The next moment each of the men found himself pinned down by a giant finger.
“All right, boys. That’s enough,” said Omri, in his father’s firm end-of-the-fight voice. “It’s a draw. Now you must get cleaned up for school.”
School
He brought them a low type of egg cup full of hot water, and a corner of soap cut off a big cake, to wash with. They sto
od on each side of the “bowl.” Little Bear stripped off his bandolier, which left him naked to the waist. Then he lost no time plunging his arms in and began energetically rubbing the whole of the top part of his body with his wet hands, throwing water everywhere. He made a lot of noise about it and seemed to be enjoying himself, though he ignored the soap.

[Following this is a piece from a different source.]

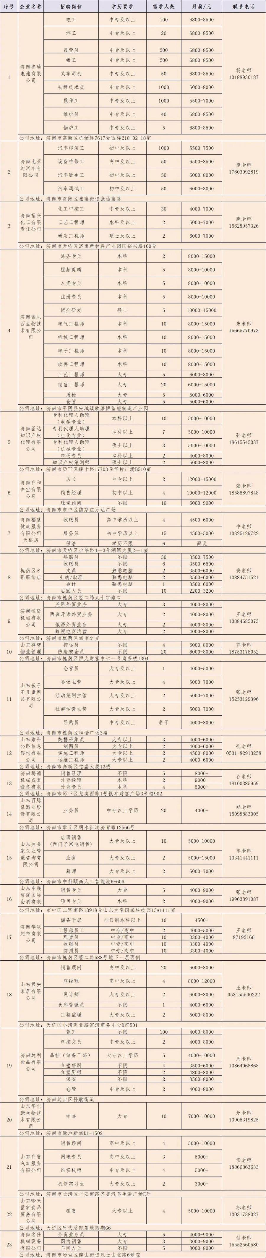 为帮助各类求职者尽快实现就业,满足缺工企业用工需求,充分发挥人力资源社会保障部门保企业用工、稳就业形势作用,积极搭建供需对接平台,推动劳动者实现更高质量就业。由济南市人力资源和社会保障局主办,市公共就业服务中心承办的“综合类网络专场招聘会”于9月4日举办。邀请23家企业参与招聘,提供4300多个就业岗位,招聘信息详情如下:
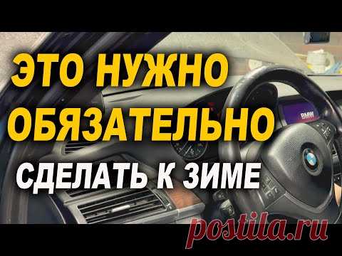 Изображение показывает интерьер автомобиля BMW с текстом, рекомендующим подготовку автомобиля к зиме.

Boone was a different matter. Omri had already noticed that Boone was none too fussy about being clean, and in fact didn’t look as if he’d washed or shaved for weeks. Now he approached the hot water gingerly, eyeing Omri as if to see how little washing he could actually get away with.
“Come on, Boone! Off with that shirt, you can’t wash your neck with a shirt on,” said Omri briskly, echoing his mother.
With extreme reluctance, shivering theatrically, Boone dragged off his plaid shirt, keeping his hat on.
“I should think your hair could do with a wash too,” said Omri.
Boone stared at him.
“Wash mah hair?” he asked incredulously. “Washin’ hair’s fer wimmin, ’tain’t fer men!” But he did consent to rub his hands lightly over the piece of soap, although grimacing hideously as if it were some slimy dead thing, and wash at least the palms of his hands. Then he rinsed them hastily, smeared some water on his face, and reached for his shirt without even drying himself.
“Boone!” said Omri sternly. “Just look at Little Bear! You called him dirty, but at least he’s washing himself thoroughly! Now you just do something about your neck and—well, under your arms.”
Boone’s look was now one of stark horror.
“Under mah arms!”
“And your chest, I should think. I’m not taking you to school all sweaty.”
“Hell! Don’t you go runnin’ down sweat! It’s sweat that keeps a man clean!”
After a lot of bullying, Omri managed to get him to wash at least a few more bits of himself.
“You’ll have to wash your clothes sometime, too,” he said.
But this was too much for Boone.
“Ain’t nobody gonna touch mah duds, and that’s final,” he said. “Ain’t bin washed since Ah bought ’em. Water takes all the stuffin’ outa good cloth, without all the dust ’n’ sweat they don’t keep ya warm no more.”